Supplied data below:
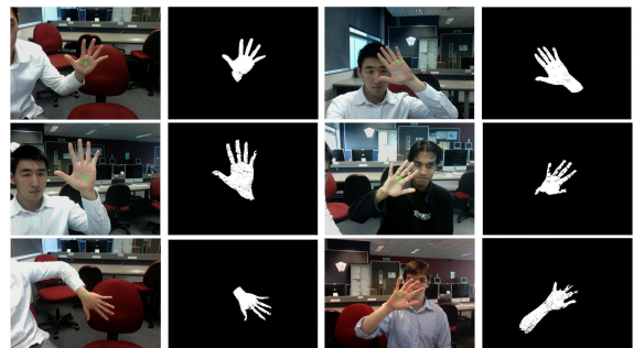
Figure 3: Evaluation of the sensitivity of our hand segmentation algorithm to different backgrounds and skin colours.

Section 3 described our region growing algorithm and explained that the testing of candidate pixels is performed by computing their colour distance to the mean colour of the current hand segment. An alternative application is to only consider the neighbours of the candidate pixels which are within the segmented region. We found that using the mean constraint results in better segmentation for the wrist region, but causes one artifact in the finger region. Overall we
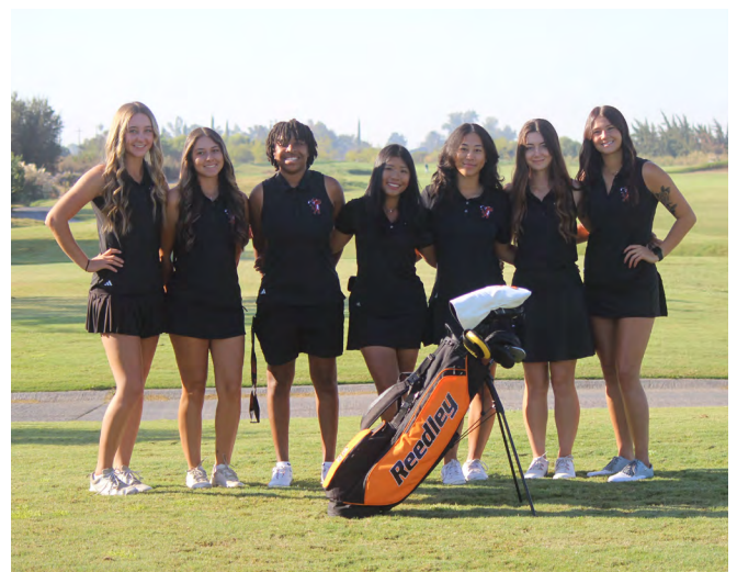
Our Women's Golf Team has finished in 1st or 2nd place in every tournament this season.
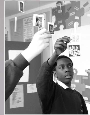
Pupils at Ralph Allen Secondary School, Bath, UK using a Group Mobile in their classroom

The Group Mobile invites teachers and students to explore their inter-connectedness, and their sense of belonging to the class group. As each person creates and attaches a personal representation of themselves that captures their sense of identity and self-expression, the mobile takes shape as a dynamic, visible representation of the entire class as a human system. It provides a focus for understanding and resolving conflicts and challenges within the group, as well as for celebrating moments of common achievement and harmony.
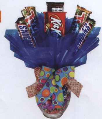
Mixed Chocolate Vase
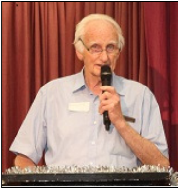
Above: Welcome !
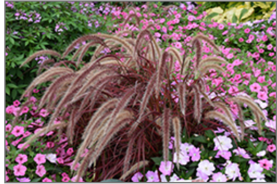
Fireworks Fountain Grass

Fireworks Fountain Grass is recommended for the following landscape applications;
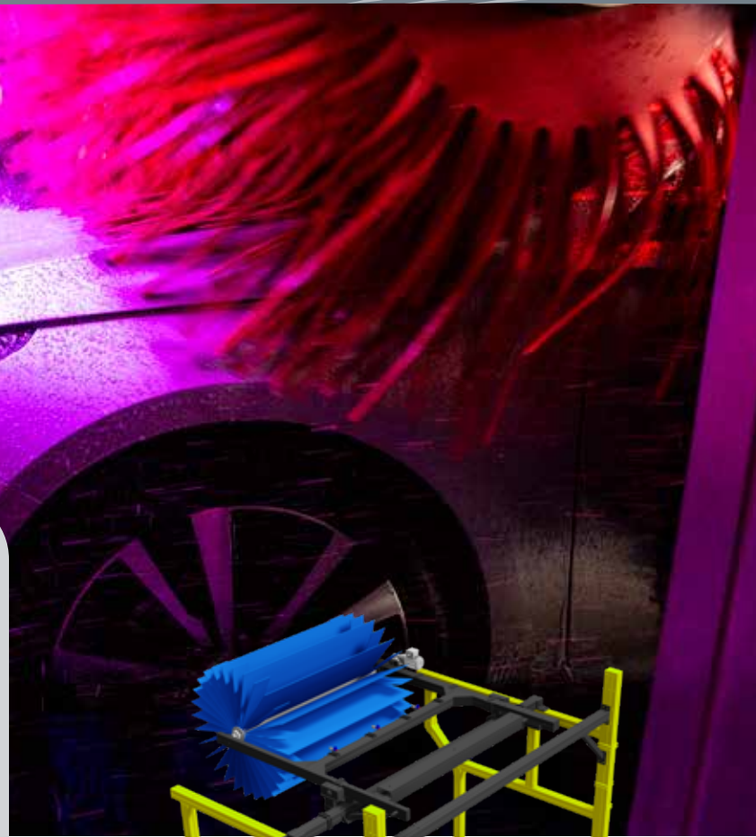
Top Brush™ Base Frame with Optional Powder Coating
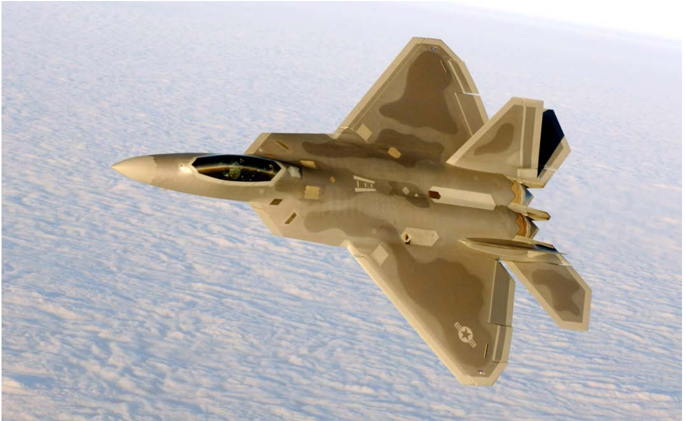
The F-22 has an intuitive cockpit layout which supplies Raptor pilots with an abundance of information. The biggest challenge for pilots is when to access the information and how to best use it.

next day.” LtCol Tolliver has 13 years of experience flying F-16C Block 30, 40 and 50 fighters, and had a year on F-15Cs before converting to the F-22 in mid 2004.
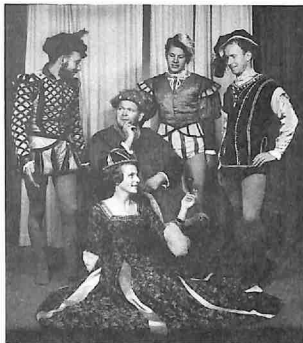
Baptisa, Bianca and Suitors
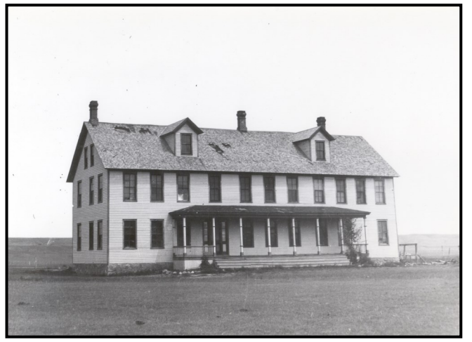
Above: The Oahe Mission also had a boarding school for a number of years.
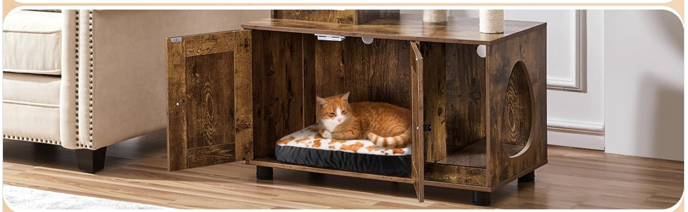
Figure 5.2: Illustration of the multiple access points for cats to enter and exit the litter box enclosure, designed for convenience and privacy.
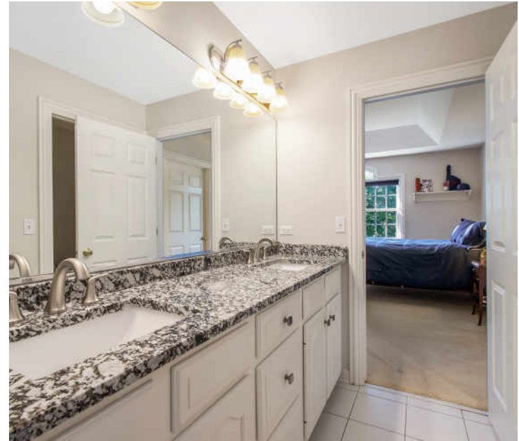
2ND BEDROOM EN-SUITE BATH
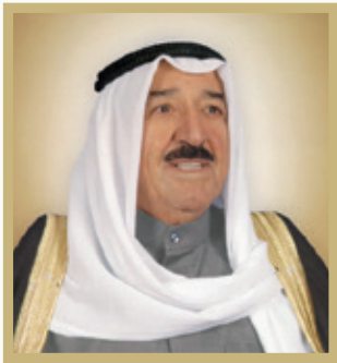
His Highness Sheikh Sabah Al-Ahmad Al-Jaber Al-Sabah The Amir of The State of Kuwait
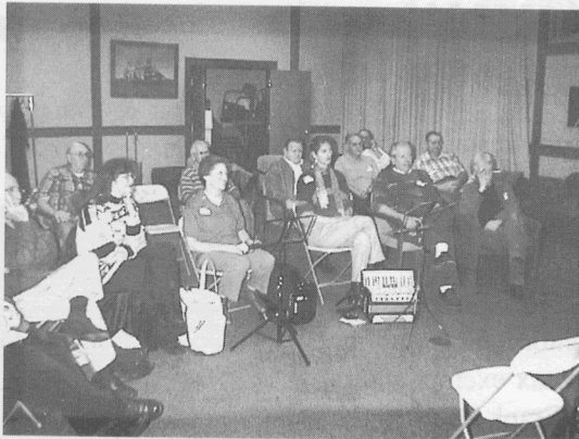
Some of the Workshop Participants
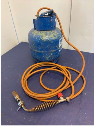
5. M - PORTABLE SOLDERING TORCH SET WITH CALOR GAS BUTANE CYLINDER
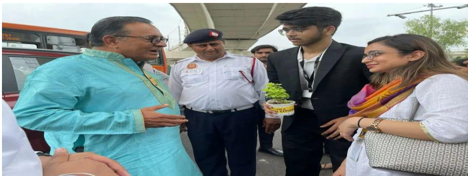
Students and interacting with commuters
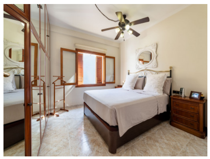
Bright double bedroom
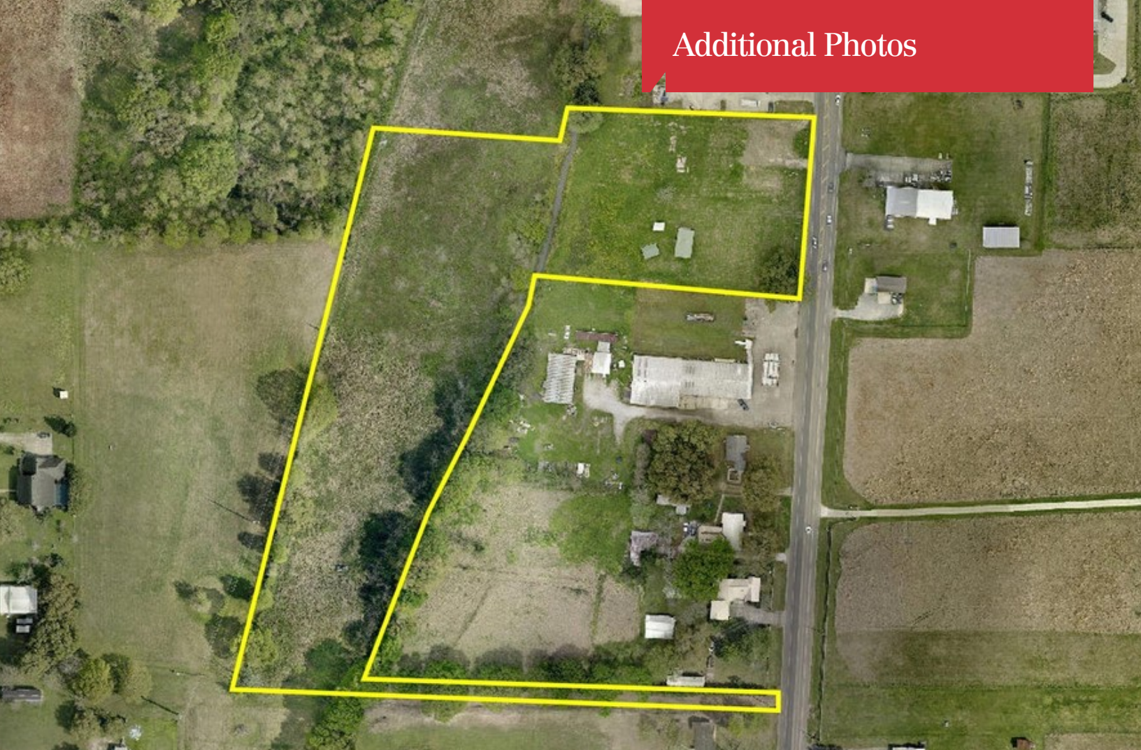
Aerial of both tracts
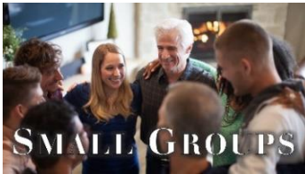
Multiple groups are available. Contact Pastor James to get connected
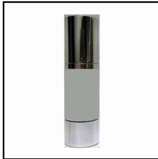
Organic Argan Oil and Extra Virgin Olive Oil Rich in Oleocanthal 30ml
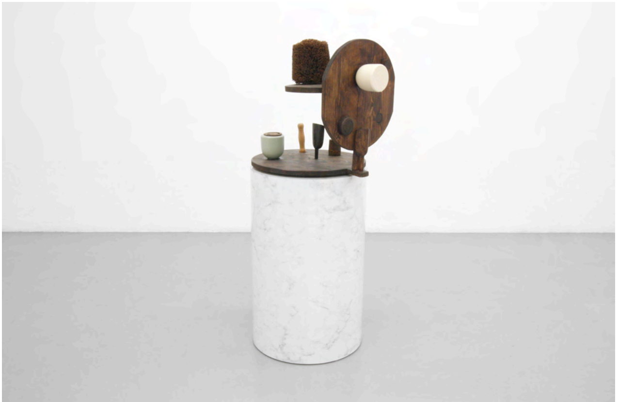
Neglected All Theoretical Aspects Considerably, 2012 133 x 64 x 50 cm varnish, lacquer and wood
End of Supplied data.
■ Exercise details ■
From the opening line of the entries, copy each line exactly until the line with "Our Women's Golf", which is copied as well; leave out pictures.

■ Your response ■
Figure 3: Evaluation of the sensitivity of our hand segmentation algorithm to different backgrounds and skin colours.

Section 3 described our region growing algorithm and explained that the testing of candidate pixels is performed by computing their colour distance to the mean colour of the current hand segment. An alternative application is to only consider the neighbours of the candidate pixels which are within the segmented region. We found that using the mean constraint results in better segmentation for the wrist region, but causes one artifact in the finger region. Overall we
Our Women's Golf Team has finished in 1st or 2nd place in every tournament this season.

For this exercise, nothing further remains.